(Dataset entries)
========================================================================
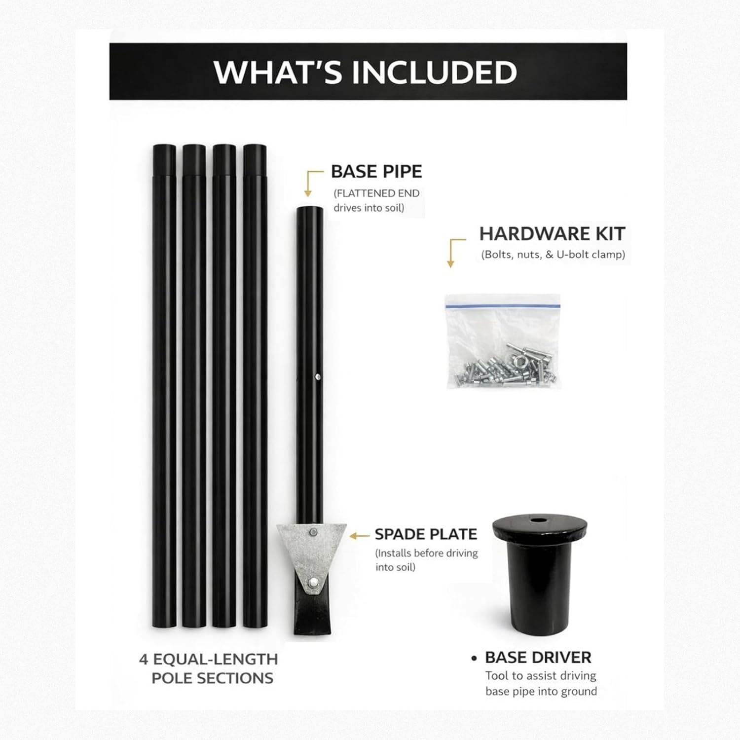 | Included Components | Pole Segments, Base Piece, Spade Plade, Base Driver, Hardware |
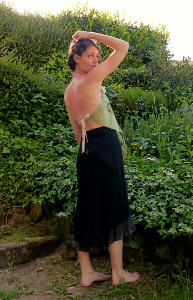 Superbe dos nu en soie vintage, parfaitement décontractée pour les beaux jours.
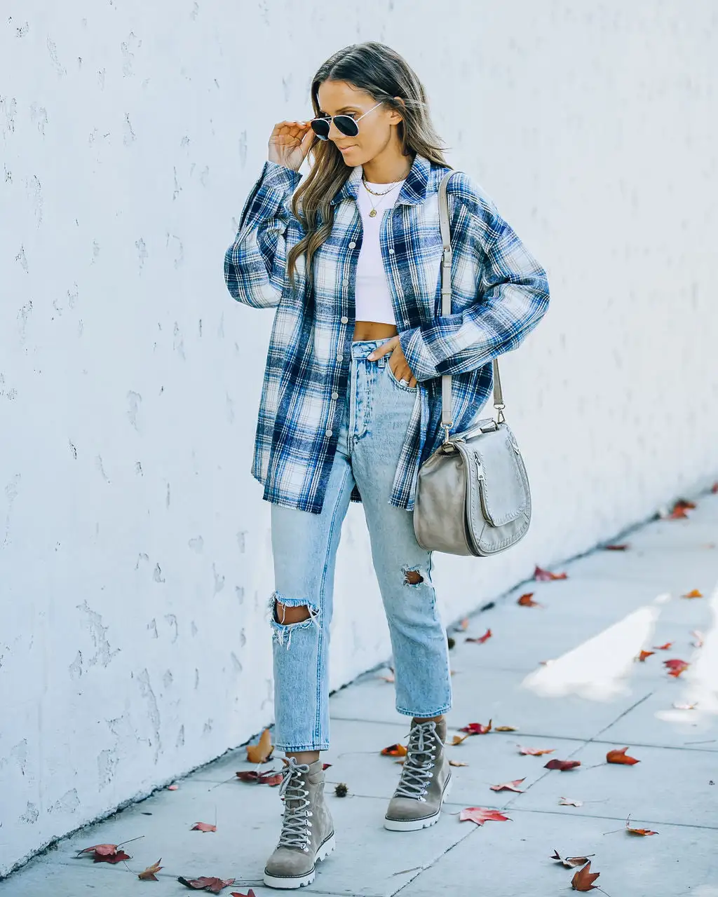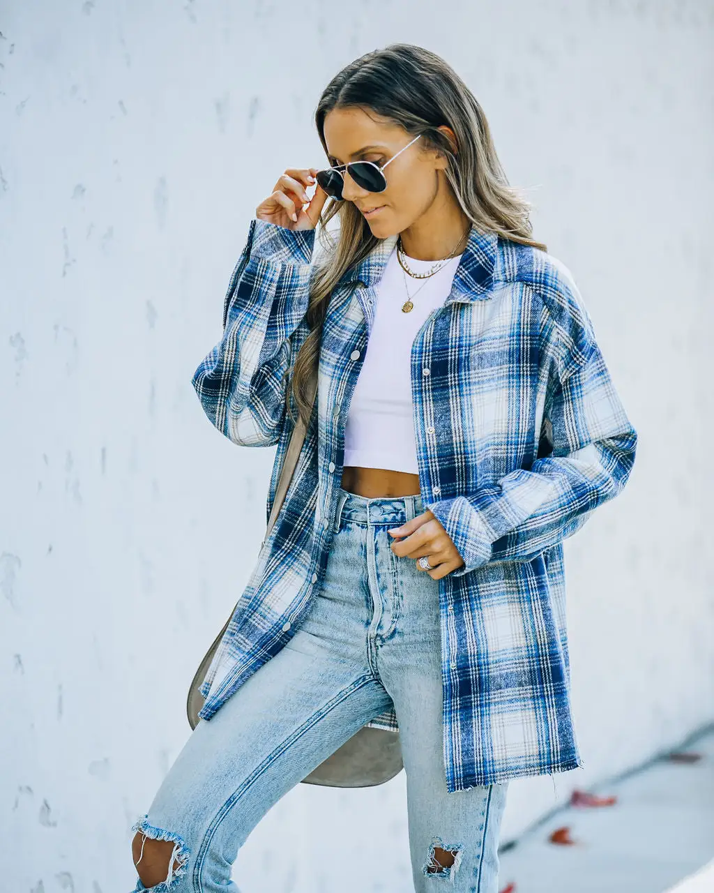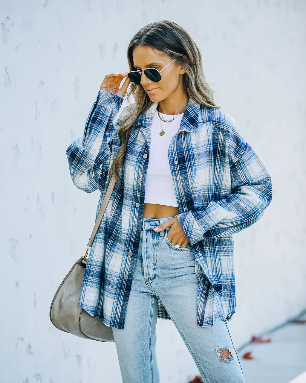 Keep it casual in our Denise Plaid Button Down Shacket! This navy, cobalt, taupe, and white plaid shacket is detailed with a frayed hemline. Designed with button cuffs and front button closures. Styled with the Chloe Mini Necklace, Minimal Herringbone Necklace, Compass Coin Necklace, Simple Bangle Bracelet, Highland Bag, Kiki Knit Crop Top, Kason Distressed High Rise Denim, and Arlene Faux Suede Lace Up Boot.
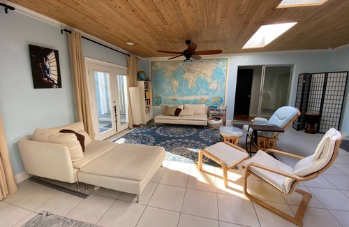 Lounge by a private saltwater pool, relax in the sky-lighted lounge, and Enjoy everything downtown Deland and our surrounding area has to offer. Our 3-bedroom, 3-bath pool house rests in a quiet neighborhood within walking distance from historic downtown Deland full of great restaurants, bars, and shops. Complete with a beautifully updated kitchen and accommodations for 7 guests. Our home is only 30 min away from Daytona Beach, 60 min from Orlando and it's theme parks, and in close proximity to many springs & state parks.
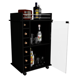 Bar, con 1 puerta batiente de vidrio, rodachines, espacio para porta botellas y copas.
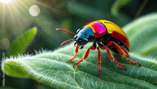 © Tina, Fototapeta premium Colorful Beetle on Green Leaf
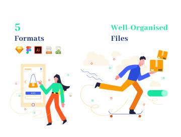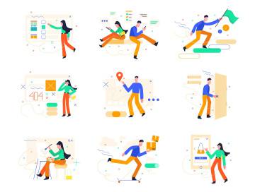 时髦的10张人物插画包使您的Web项目脱颖而出。下一个着陆页、应用程序屏幕或博客文章封面的商业场景。专为UI / UX专业人员,设计机构,启动所有者,开发人员和忙碌的设计师量身定制的现代且独特的插画风格。
========================================================================
• [Task prompt]: The copy must match every line of the data exactly and contain no pictures.

• [Written solution]:
 | Included Components | Pole Segments, Base Piece, Spade Plade, Base Driver, Hardware |
 Superbe dos nu en soie vintage, parfaitement décontractée pour les beaux jours.
 Keep it casual in our Denise Plaid Button Down Shacket! This navy, cobalt, taupe, and white plaid shacket is detailed with a frayed hemline. Designed with button cuffs and front button closures. Styled with the Chloe Mini Necklace, Minimal Herringbone Necklace, Compass Coin Necklace, Simple Bangle Bracelet, Highland Bag, Kiki Knit Crop Top, Kason Distressed High Rise Denim, and Arlene Faux Suede Lace Up Boot.
 Lounge by a private saltwater pool, relax in the sky-lighted lounge, and Enjoy everything downtown Deland and our surrounding area has to offer. Our 3-bedroom, 3-bath pool house rests in a quiet neighborhood within walking distance from historic downtown Deland full of great restaurants, bars, and shops. Complete with a beautifully updated kitchen and accommodations for 7 guests. Our home is only 30 min away from Daytona Beach, 60 min from Orlando and it's theme parks, and in close proximity to many springs & state parks.
 Bar, con 1 puerta batiente de vidrio, rodachines, espacio para porta botellas y copas.
 © Tina, Fototapeta premium Colorful Beetle on Green Leaf
 时髦的10张人物插画包使您的Web项目脱颖而出。下一个着陆页、应用程序屏幕或博客文章封面的商业场景。专为UI / UX专业人员,设计机构,启动所有者,开发人员和忙碌的设计师量身定制的现代且独特的插画风格。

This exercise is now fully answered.